Calls Table.normalize() on each table in the TableSet.

order_by(*args, **kwargs)#

Calls Table.order_by() on each table in the TableSet.

pivot(*args, **kwargs)#

Calls Table.pivot() on each table in the TableSet.

print_structure(max_rows=20, output=<_io.TextIOWrapper name='<stdout>' mode='w' encoding='utf-8'>)#

Print the keys and row counts of each table in the tableset.

Parameters:
  • max_rows – The maximum number of rows to display before truncating the data. Defaults to 20.

  • output – The output used to print the structure of the Table.

Returns:

None

scatterplot(x=0, y=1, path=None, width=None, height=None)#

Render a lattice/grid of scatterplots using leather.Lattice.

Parameters:
  • x – The name or index of a column to plot as the x axis of the chart. Defaults to the first column in the table.

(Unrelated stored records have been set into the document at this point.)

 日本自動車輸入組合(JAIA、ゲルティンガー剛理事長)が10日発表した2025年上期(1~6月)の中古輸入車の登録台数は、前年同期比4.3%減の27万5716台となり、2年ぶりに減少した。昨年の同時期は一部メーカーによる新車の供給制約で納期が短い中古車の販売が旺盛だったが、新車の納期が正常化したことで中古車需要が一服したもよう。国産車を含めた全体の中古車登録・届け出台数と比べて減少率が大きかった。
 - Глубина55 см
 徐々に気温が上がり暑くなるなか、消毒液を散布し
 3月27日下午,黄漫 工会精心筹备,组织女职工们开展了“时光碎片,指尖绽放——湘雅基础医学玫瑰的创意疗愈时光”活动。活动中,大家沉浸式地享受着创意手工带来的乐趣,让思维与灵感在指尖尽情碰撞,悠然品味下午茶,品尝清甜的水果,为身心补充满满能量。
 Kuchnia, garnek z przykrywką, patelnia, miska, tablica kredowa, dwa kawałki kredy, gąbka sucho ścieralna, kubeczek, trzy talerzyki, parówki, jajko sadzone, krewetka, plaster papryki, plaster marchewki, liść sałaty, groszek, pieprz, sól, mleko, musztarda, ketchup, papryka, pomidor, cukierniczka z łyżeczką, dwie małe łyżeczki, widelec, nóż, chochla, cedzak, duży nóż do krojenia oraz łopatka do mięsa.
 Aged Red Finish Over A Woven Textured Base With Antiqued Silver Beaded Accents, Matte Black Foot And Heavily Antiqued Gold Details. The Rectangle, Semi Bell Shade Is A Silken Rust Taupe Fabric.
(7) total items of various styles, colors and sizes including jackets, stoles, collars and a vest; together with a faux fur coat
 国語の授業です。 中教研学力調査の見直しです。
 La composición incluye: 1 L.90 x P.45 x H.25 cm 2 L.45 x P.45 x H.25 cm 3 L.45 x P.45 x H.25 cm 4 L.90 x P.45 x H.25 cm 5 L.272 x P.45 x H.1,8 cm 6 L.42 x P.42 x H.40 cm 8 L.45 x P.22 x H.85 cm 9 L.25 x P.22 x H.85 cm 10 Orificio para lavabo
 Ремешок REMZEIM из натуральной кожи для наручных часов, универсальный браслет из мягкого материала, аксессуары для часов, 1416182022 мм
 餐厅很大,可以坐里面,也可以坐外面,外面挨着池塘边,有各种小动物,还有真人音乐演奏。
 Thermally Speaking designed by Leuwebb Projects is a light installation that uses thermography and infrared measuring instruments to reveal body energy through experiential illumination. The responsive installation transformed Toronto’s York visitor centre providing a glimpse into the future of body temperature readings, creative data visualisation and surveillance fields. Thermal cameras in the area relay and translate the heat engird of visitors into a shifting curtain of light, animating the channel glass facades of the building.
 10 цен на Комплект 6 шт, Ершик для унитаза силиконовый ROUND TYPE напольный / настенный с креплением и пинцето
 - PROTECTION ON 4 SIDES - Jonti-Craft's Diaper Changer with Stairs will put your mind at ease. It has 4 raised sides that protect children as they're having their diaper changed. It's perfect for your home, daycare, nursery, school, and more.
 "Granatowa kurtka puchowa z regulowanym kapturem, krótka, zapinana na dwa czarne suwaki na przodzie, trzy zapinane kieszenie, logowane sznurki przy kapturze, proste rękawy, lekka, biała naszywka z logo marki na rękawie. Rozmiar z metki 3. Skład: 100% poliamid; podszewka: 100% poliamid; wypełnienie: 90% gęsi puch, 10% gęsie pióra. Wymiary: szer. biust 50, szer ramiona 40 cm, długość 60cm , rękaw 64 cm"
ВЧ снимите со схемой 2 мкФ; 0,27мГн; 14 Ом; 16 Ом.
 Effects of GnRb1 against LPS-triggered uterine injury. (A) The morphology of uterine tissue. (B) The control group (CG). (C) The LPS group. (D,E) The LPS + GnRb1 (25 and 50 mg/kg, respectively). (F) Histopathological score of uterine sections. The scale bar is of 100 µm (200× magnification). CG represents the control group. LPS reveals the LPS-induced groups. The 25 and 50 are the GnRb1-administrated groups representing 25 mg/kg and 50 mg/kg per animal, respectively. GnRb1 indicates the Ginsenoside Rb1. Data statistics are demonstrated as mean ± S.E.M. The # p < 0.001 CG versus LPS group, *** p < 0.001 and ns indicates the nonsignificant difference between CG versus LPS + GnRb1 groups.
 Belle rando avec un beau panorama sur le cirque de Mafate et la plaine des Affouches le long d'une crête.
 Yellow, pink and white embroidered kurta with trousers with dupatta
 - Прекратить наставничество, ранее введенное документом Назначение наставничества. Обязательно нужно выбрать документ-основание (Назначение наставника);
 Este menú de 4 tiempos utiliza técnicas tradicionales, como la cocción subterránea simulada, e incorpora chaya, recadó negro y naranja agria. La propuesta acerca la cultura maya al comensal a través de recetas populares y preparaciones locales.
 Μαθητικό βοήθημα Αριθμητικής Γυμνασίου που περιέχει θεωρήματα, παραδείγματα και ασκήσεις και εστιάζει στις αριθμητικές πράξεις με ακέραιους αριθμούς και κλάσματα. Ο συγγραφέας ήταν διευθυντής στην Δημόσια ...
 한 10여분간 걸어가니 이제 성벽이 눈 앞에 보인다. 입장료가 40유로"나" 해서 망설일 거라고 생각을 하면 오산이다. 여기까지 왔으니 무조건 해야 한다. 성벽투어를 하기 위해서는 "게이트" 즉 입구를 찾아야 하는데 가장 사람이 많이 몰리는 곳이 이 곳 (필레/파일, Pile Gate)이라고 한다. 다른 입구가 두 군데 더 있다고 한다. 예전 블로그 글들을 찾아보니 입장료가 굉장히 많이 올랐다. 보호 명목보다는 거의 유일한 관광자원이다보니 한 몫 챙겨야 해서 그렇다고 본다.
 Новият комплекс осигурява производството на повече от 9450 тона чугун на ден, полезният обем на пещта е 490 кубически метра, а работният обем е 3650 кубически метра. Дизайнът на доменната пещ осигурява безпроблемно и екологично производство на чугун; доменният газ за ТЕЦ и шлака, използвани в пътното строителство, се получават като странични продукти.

  • y – The name or index of a column to plot as the y axis of the chart. Defaults to the second column in the table.

  • path – If specified, the resulting SVG will be saved to this location. If None and running in IPython, then the SVG will be rendered inline. Otherwise, the SVG data will be returned as a string.

  • width – The width of the output SVG.

  • height – The height of the output SVG.

select(*args, **kwargs)#

Calls Table.select() on each table in the TableSet.

to_csv(dir_path, **kwargs)#

Write each table in this set to a separate CSV in a given directory.

See Table.to_csv() for additional details.

Parameters:

dir_path – Path to the directory to write the CSV files to.

to_json(path, nested=False, indent=None, **kwargs)#

Write TableSet to either a set of JSON files for each table or a single nested JSON file.

See Table.to_json() for additional details.

Parameters:
  • path – Path to the directory to write the JSON file(s) to. If nested is True, this should be a file path or file-like object to write to.

  • nested – If True, the output will be a single nested JSON file with each Table’s key paired with a list of row objects. Otherwise, the output will be a set of files for each table. Defaults to False.

  • indent – See Table.to_json().

values()#

Equivalent to collections.OrderedDict.values().

where(*args, **kwargs)#

Calls Table.where() on each table in the TableSet.